ABSTRACT: Secondary metabolites used to treat infections caused by microbial pathogens. It can cause illness to humans and animals. This study was carried out to screen for potential antimicrobial producing microbes from soil samples collected from different area of Garhwal region in Uttarakhand, India. Dermatophytes are a major group of closely pathogenic fungi that infect skin, hair and nails in humans and animals. In the present study, a trial was done to find out a new antimicrobial agent producing bacteria from soil samples. Antifungal activity of each bacterial isolate against dermatophytic fungus was performed with dual culture and agar well diffusion methods using SDA medium. All the isolated bacterial colonies were observed for primary screening for their anti-dermatophytic activity against the pathogenic species of dermatophytes Trichophyton (MTCC-272), Epidermophyton, (MTCC-465), Microsporum (MTCC-964), Candida albicans, and A. niger were screened by well diffusion methods. Among the total 75 bacterial isolates, only 15 of them were capable of synthesizing antimicrobial metabolites in primary screening. Out of these fifteen isolated bacterial sp. only four Bacterial colonies were found to most potent that was obtained from agricultural region of Srinagar Garhwal, in Uttarakhand found to exhibit the highest antagonistic and anti-dermatophytic activity against most of the used pathogenic dermatophytes in the study. The Physiochemical and biochemical characters of the isolated bacterial species were matched with Bacillus and Pseudomonas spp. Then antifungal activity was measured in different pH and temperature range parameter. Thus, isolated strain was given the suggested name PA-4(a), PA-2(a), PA-2 (PK-1), and PA-1(E). This study indicates that microorganisms isolated from agriculture land of Garhwal region in Uttarakhand (India) soil could be an interesting source of antimicrobial bioactive compound.

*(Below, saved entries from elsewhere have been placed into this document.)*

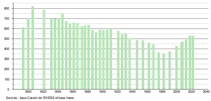 L'évolution du nombre d'habitants est connue à travers les recensements de la population effectués dans la commune depuis 1793. Pour les communes de moins de 10 000 habitants, une enquête de recensement portant sur toute la population est réalisée tous les cinq ans, les populations légales des années intermédiaires étant quant à elles estimées par interpolation ou extrapolation[45]. Pour la commune, le premier recensement exhaustif entrant dans le cadre du nouveau dispositif a été réalisé en 2007[46].
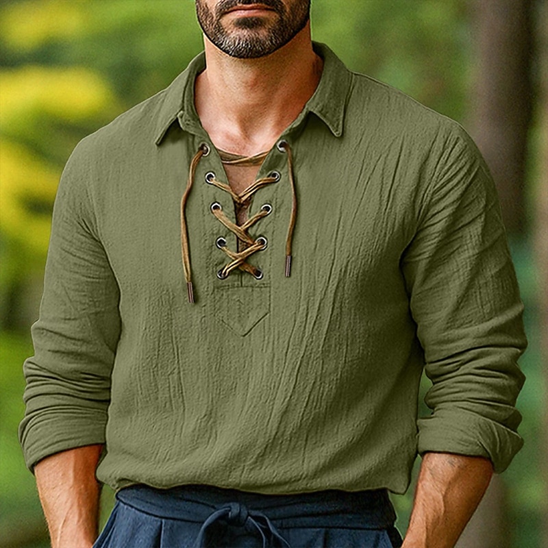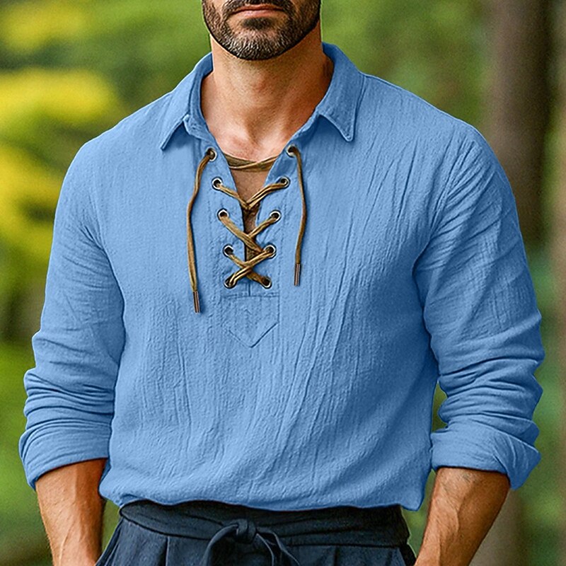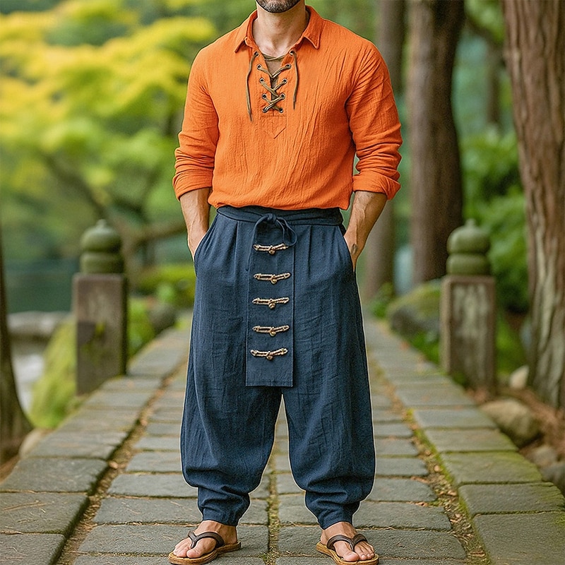 More information about Men's Shirt Linen Shirt Viking Style Summer Shirt Beach Wear Solid Color Vacation Street White Orange Green Light Blue Long Sleeve Collarless Clothing Apparel
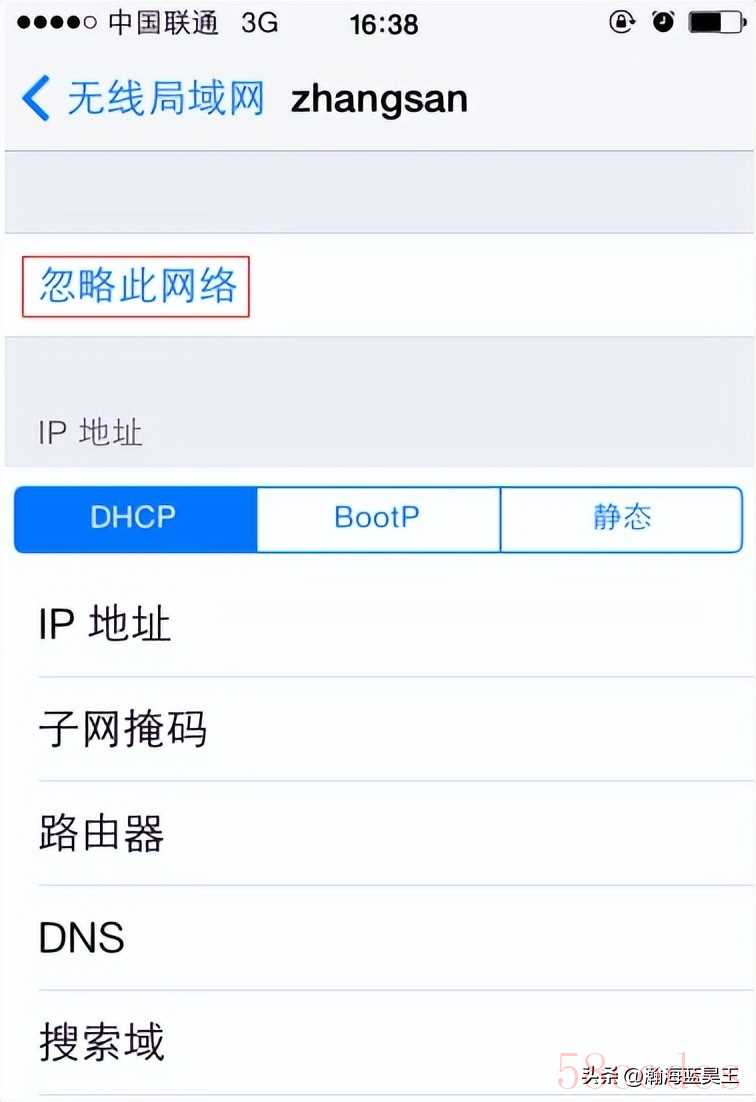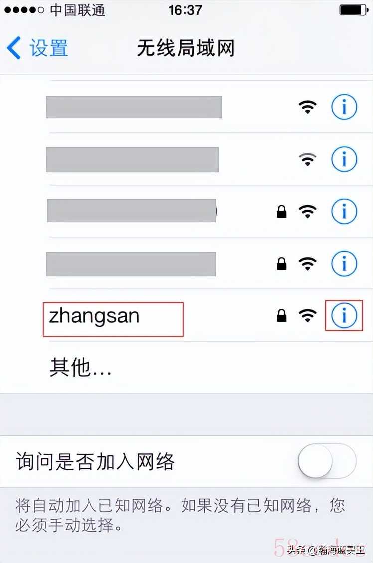 (2)苹果手机:在“无线局域网(或Wi-Fi)设置”菜单,点击对应无线信号后面显示的“蓝色感叹号”的图标,如下图所示:
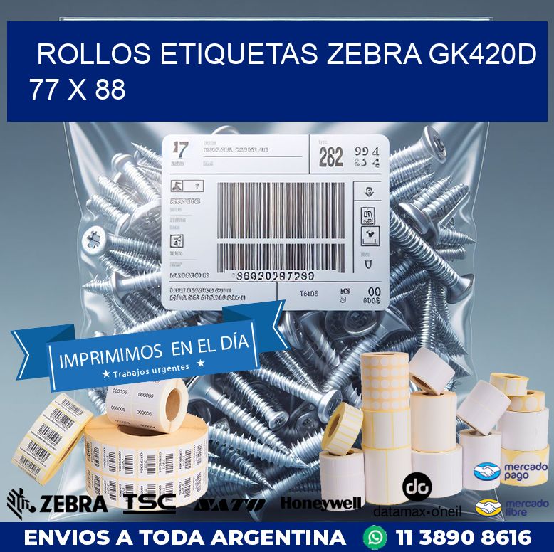 ROLLOS ETIQUETAS Zebra GK420D 77 x 88

Key words: Secondary metabolites, antibiotic, Soil Bacteria, Dermatophytes, antagonistic activity

 

INTRODUCTION- Antimicrobial agents are the most promising field worldwide with the need of continuous search of new ones. The incidence of antibiotic resistance towards current synthetic drugs has been rapidly increasing. Natural organic compounds produced by microorganisms are an important screening target for a variety of bioactive substances. These active compounds can be further explored as new drugs or antibiotics ^[1] the need for new antibiotics has been highlighted recently with the increasing pace of emergence of drug resistant pathogens (MRSA, XDR-TB, etc).^[2] Current drug development methods have been slow to produce effective new antibiotics as they have primarily focused on modifying existing classes of antibiotics or using genomics to identify new drug targets. San Lang has reported bacterial strains of B. subtilis isolated from soil that produced an antifungal agent active against Fusarium oxysporum. ^[3] Dermatophytic fungi usually do not invade living tissues, but colonize the outer layer of the skin and their products such as acid proteinases, elastase, keratinases, and other proteinases act as virulence factors. Antibacterial and antifungal drug development today takes place in either the academic or the pharmaceutical company environment. The increase in antibiotics resistance is prevailing due to inappropriate use of antibiotics by general health practitioners and leads to the effectiveness of front line antibiotics worldwide. This situation has become an alarming condition to drug manufacturers and public health practitioners. Therefore, this study is an attempt to investigate indigenous soil resources with potential of antimicrobial production that could be used to produce new product with better efficacies.^[4-6]

 

MATERIALS AND METHODS

Collection of Soil Sample- Soil samples were collected in various locations from maletha in Srinagar Garhwal region of Uttarakhand during the research work. Samples were collected in the month of February 2012 to November 2012. Several diverse habitats included rhizosphere of plant, agricultural soil, herbal garden, and usar land in different areas were selected for the isolation of bacteria having good antimicrobial activity. The samples were taken up to the depth of 20cm of the soil surface. The samples were placed in polythene bags, closed tightly and stored in cool and dry place.

Main focus on the isolation of  bacteria producing good antimicrobial substances from the selected region where so many area having good cultivation and no any serious type of epidemics and endemics assuming that present of soil bacteria having good antimicrobial activity. The bacterial isolates showing antifungal activity will be further tested for activity by spot inoculation method or Agar well method.

 

Fungal culture Used- The cultures Microsporum sp. Candida, P. citrinum., A. niger were obtained from the standard culture collection centers and maintained in the Research Laboratory of Devsthali Institute of Training and Research, Dehradun, India. These cultures were maintained on nutrient agar slants at first being incubated at 37⁰C for 16-24 hours and then stored at 4⁰C as stock cultures for further study.

Isolation of microorganisms from soil sample- Soil samples were collected from different area as mentioned was treated with physical and chemical method before plating to eliminate common microbes. One gram of each soil samples was suspended in 10 ml of sterilized distilled water for serial dilution followed by crowded plate, pour plate, and spread plate technique. Further isolation of pure culture from the primary isolation was carried out by streak plate method. The soil samples were plated by serial dilution method on Nutrient agar (NA), Sabouraud’sDextrose agar (SDA), Potato dextrose agar (PDA), Yeast Glucose broth, Trypticase Soy agar/broth, and Carbohydrate fermentation medium. Plates were incubated at 27^oC for 1-2 weeks for 48-72 hrs.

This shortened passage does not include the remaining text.